Source data:

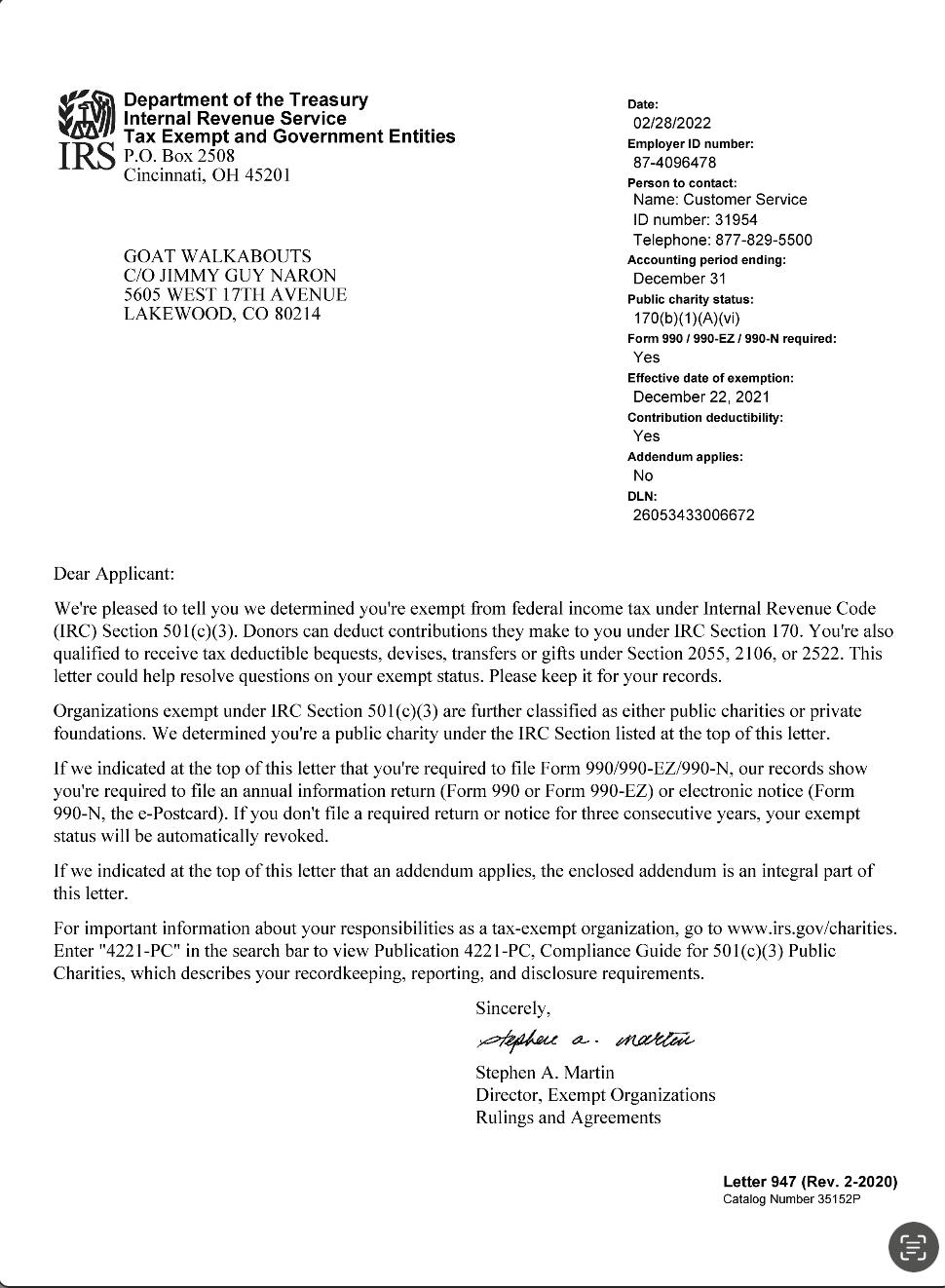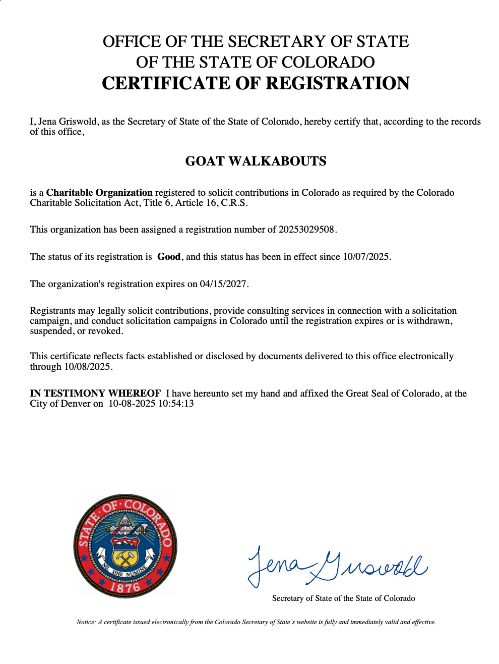 There are forms that identify our organization as an official nonprofit organization and recognized as tax exempt. These forms are open to the public and are found on this page. If you have any questions or need additional info, please contact Goat Walkabouts!
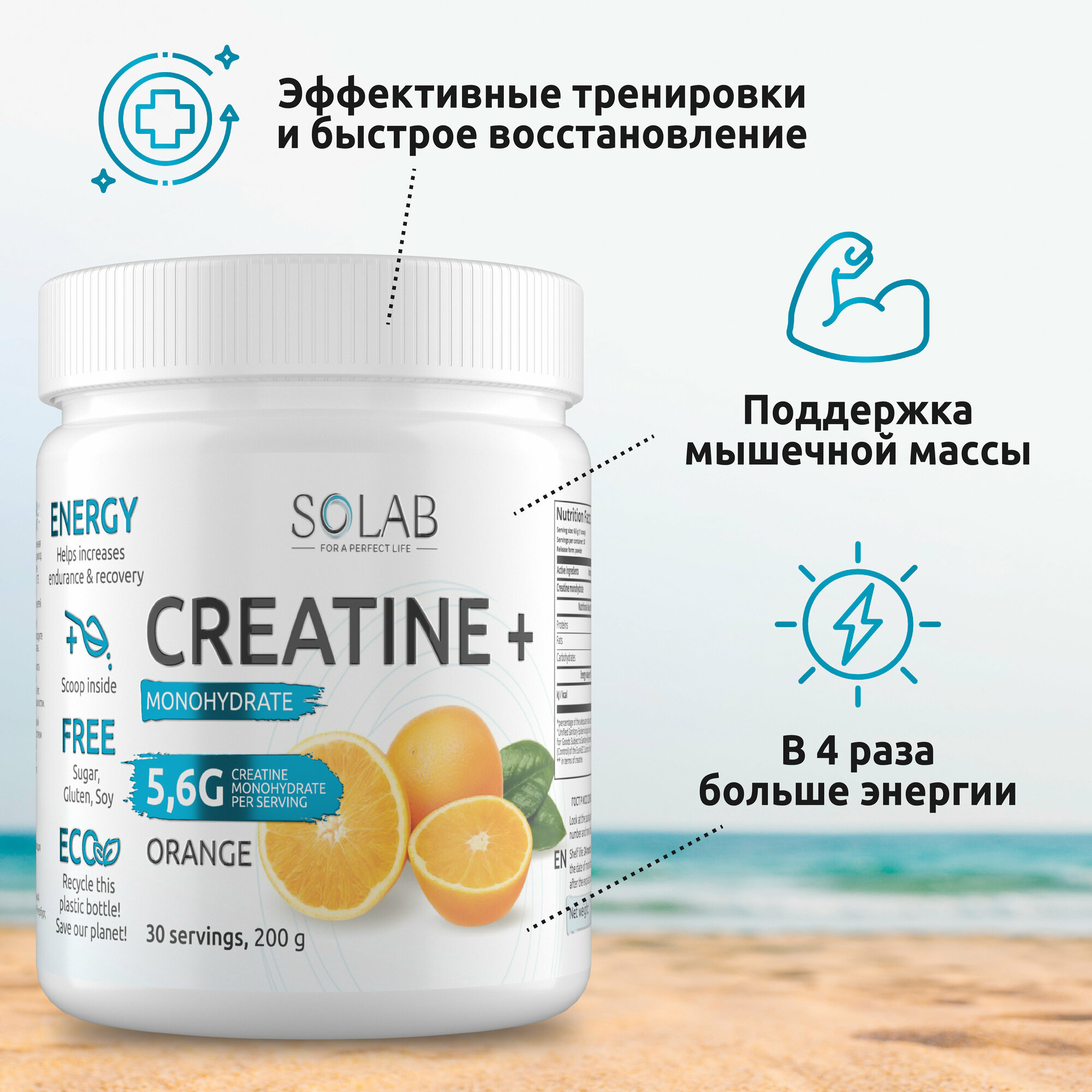 SOLAB Креатин моногидрат порошок 30 порций, Creatine Monohydrate, вкус апельсин, 200 гр спортивное питание
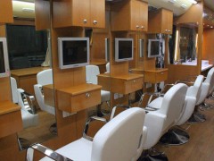 車載式移動理發(fā)車/美容美發(fā)車不僅有沙龍鏡、沙龍椅、專業(yè)的洗頭臺、燙發(fā)機,還有電視、空調(diào)、勁爆的音響和絢麗的燈光,儼然一艘理發(fā)“航母”,里面裝修配置煞是吸人眼球-理發(fā)車、化妝車、美甲車定制15271321777
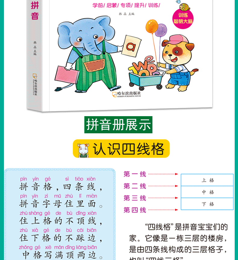 ピンインの小さい連絡の練習帳は毎日幼稚園の大きいクラスの練習帳の1学年の中国語のピンインのアルファベットの本を練習します。
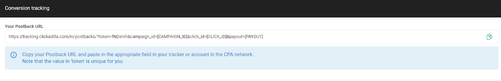 Ваш URL-адрес постбэка в Clickadilla будет создан автоматически.
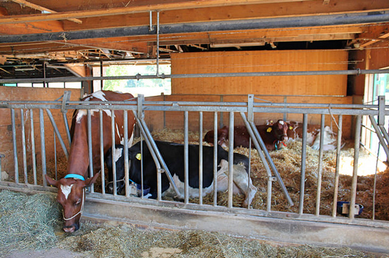 Мы отходим покурить в тень. Сегодня жарко. Возле амбаров пахнет сеном. Вдалеке видны снежные вершины Альп.
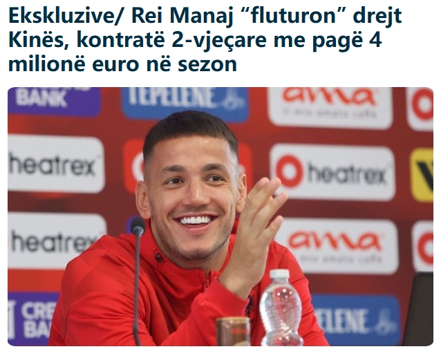 媒体表示,马纳伊将与浙江签约2年,年薪400万欧,他将成为阿尔巴尼亚薪水最高的球员之一。28岁的马纳伊现效力阿联酋的沙迦队,本赛季各项赛事为球队出战20场收获6球。
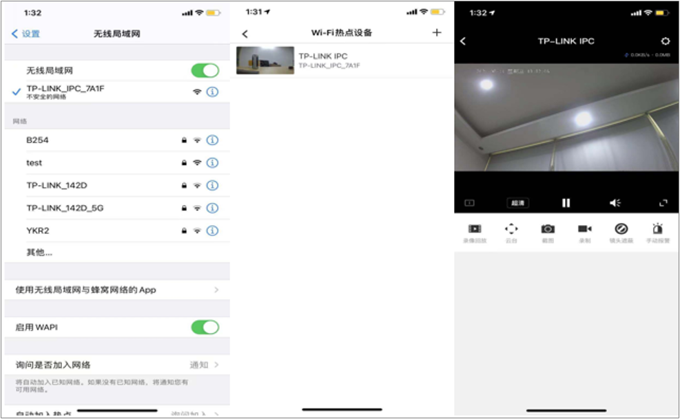 设置好密码后,手机重新连接IPC的Wi-Fi,并成功添加,根据提示格式化SD卡,点击画面即可进行预览、回放、云台控制、语音对讲等操作。
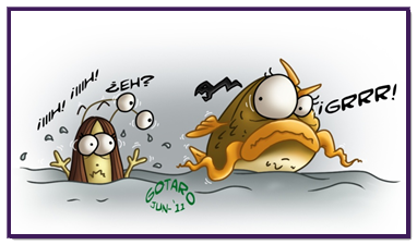 ¡Otra vez la que se armó! Milagritos subiendo y bajando del agua, la carpa Doña Bigotona que estaba de mal humor, detrás de ella pegando bocados a ver si podía tragársela porque estaba ya de Milagritos hasta el moño, los peces de colores, que nunca habían visto una Babosa, iban a por ella y la pellizcaban y la mordisqueaban creyendo que era un juguete y Tadeo intentando agarrarla por donde fuera para que su Milagritos no se ahogara.
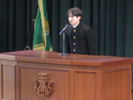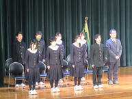 「本日はこのような会を開いていただき、本当にありがとうございます。兵庫県を代表して全国大会に出場することになりました。日頃の練習の成果や、これまでの大会で培ってきた技術や演奏力を存分に生かしていきたいと考えています。この全国大会に関わってくださる方々への感謝の気持ちを忘れず、姫工生らしい規律ある行動を心がけ、良い結果を残せるよう全力で頑張ってまいります。応援よろしくお願いします。」
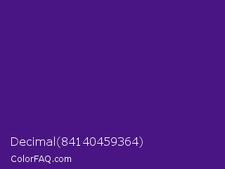 Decimal 84140459364 Color is a dark violet color and the nearest color is Pixie Powder #391285. Hex code #491584 and RGB value is rgb(73,21,132). In RGB color space, this color is composed of 29% red, 8% green, 52% blue, In CMYK color space, this color is composed of 45% cyan, 84% magenta, 0% yellow , 48% black , In HSL color space, this color has a hue angle of 268° , 73% saturation and 30% lightness.
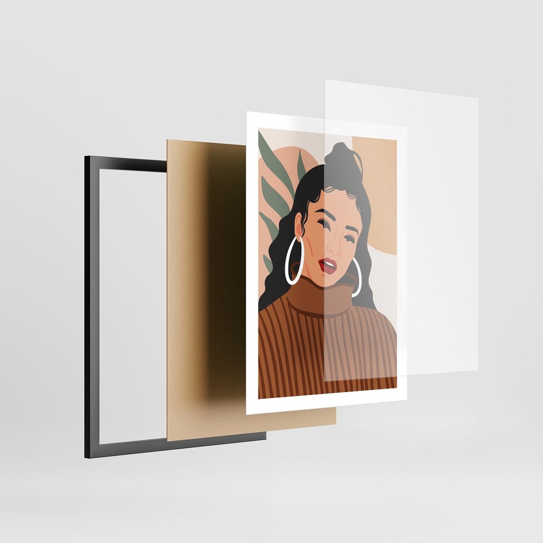 Nowoczesny plakat w stylu retro ukazuje elegancki portret kobiety w stonowanych kolorach. To połączenie klasyki z nowoczesnością, tworząc wyjątkową atmosferę artystycznego powiewu przeszłości i teraźniejszości.
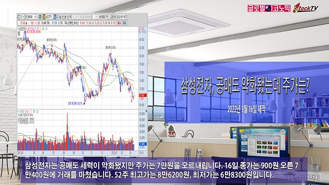 삼성전자는 공매도 세력이 약화됐지만 주가는 7만원을 오르내립니다. 16일 종가는 900원 오른 7만400원에 거래를 마쳤습니다. 52주 최고가는 8만6200원, 최저가는 6만8300원입니다.

Required action :: Print the data above from its first line through the line that has "SOLAB Креатин моногидрат", exactly and with nothing else, omitting pictures.

Answer below ::
 There are forms that identify our organization as an official nonprofit organization and recognized as tax exempt. These forms are open to the public and are found on this page. If you have any questions or need additional info, please contact Goat Walkabouts!
 SOLAB Креатин моногидрат порошок 30 порций, Creatine Monohydrate, вкус апельсин, 200 гр спортивное питание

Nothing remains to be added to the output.